YOUR GOAL:
For the listing below, the answer is an exact retyping of the lines from the one with "U.S. DEPARTMENT OF" through the one with "Uma das minhas", both included, without pictures.

LISTED RECORDS:
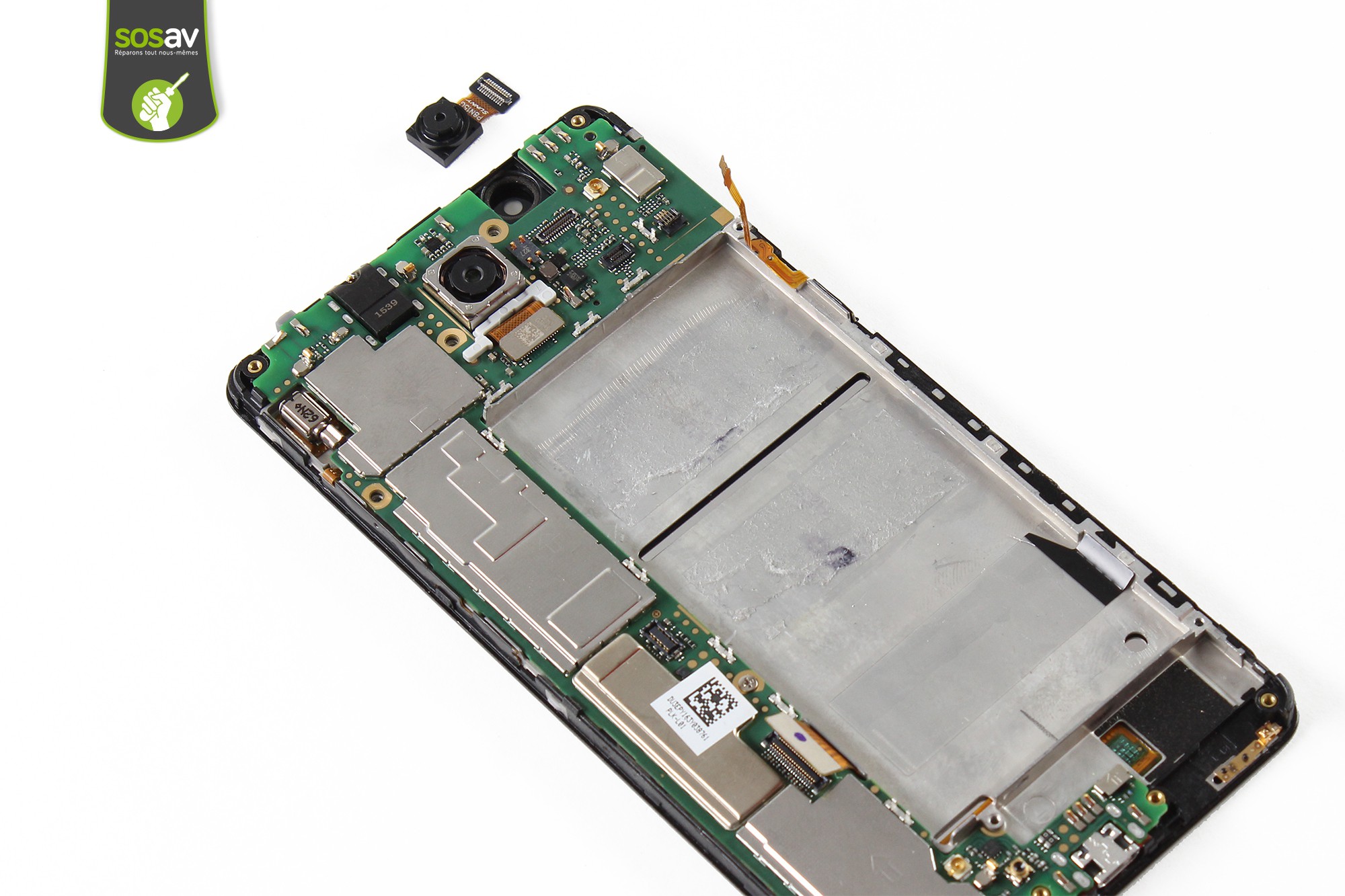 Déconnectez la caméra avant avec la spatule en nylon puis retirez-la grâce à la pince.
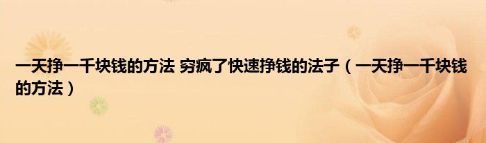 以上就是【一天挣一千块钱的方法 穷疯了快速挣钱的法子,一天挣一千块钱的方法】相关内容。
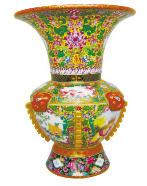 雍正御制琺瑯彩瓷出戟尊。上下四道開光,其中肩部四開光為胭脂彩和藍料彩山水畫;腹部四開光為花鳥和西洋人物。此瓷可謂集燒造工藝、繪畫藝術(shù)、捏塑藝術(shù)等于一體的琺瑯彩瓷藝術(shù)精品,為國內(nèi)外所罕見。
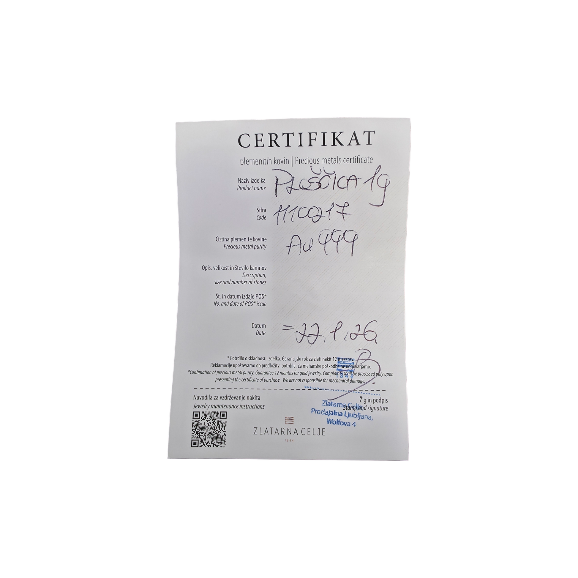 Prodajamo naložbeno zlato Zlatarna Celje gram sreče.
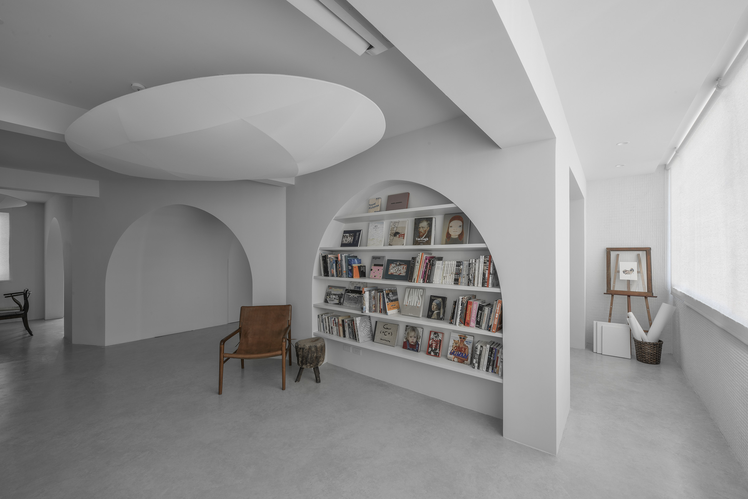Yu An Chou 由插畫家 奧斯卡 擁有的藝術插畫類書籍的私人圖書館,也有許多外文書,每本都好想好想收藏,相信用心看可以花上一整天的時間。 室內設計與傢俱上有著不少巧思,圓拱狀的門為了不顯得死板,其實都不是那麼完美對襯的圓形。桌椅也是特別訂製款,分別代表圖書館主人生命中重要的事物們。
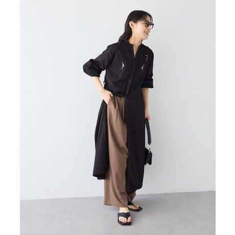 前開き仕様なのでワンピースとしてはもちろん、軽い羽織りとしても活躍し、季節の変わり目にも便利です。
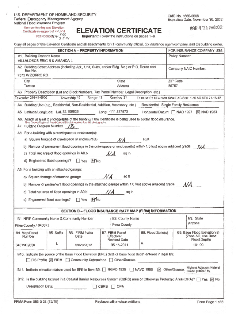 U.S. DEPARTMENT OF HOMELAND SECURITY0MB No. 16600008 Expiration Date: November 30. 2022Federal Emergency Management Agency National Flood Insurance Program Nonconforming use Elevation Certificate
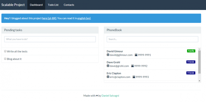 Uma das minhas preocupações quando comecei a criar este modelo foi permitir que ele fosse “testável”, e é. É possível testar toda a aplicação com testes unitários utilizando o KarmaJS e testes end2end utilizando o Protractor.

--

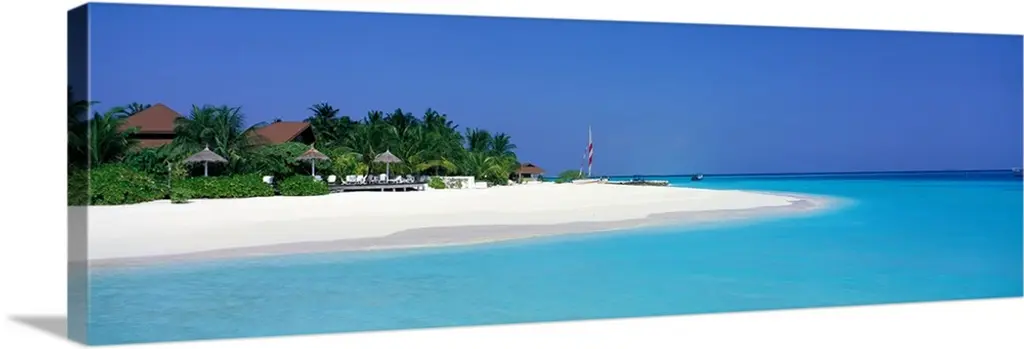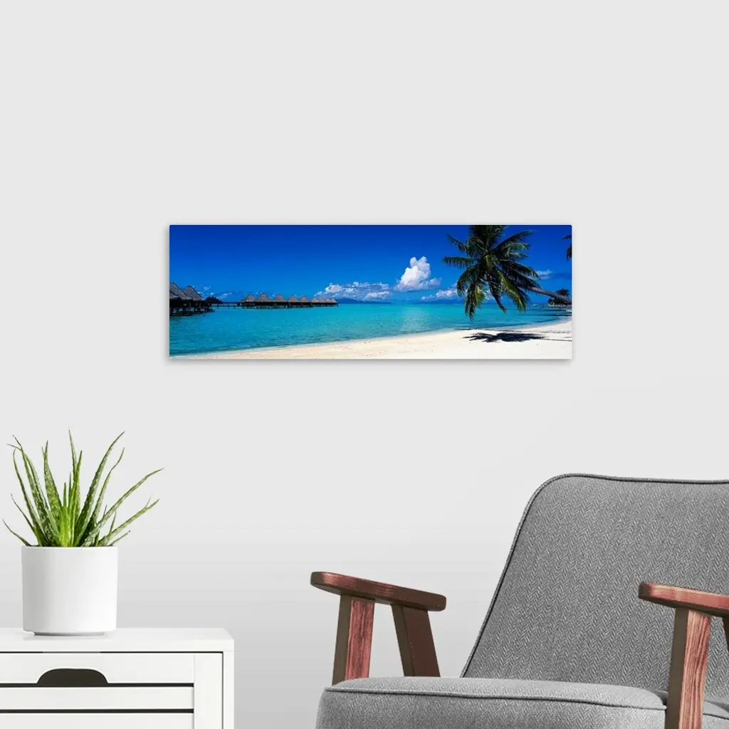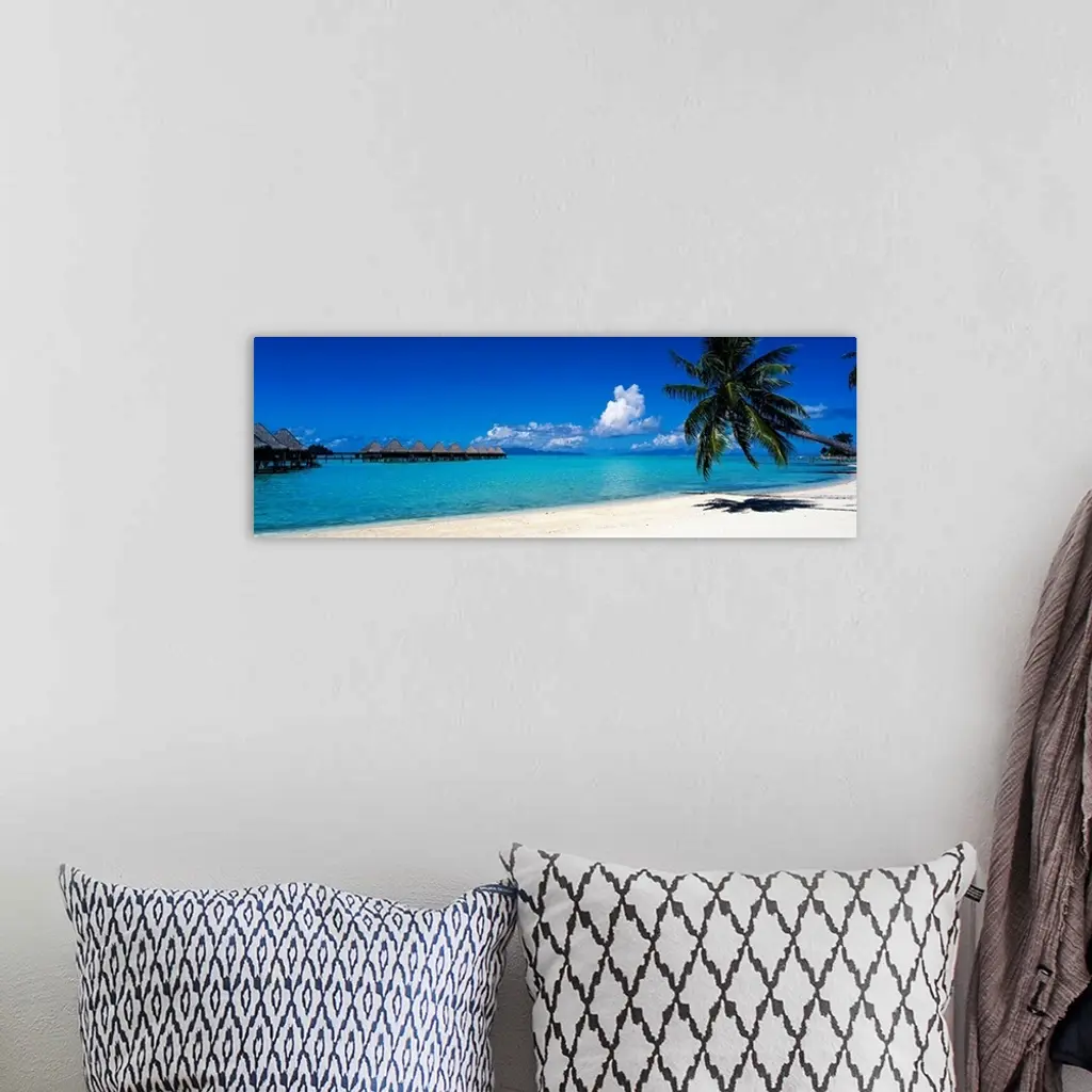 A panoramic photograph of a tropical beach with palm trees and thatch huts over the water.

RESPONSE FOR THIS EXERCISE:
 U.S. DEPARTMENT OF HOMELAND SECURITY0MB No. 16600008 Expiration Date: November 30. 2022Federal Emergency Management Agency National Flood Insurance Program Nonconforming use Elevation Certificate
 Uma das minhas preocupações quando comecei a criar este modelo foi permitir que ele fosse “testável”, e é. É possível testar toda a aplicação com testes unitários utilizando o KarmaJS e testes end2end utilizando o Protractor.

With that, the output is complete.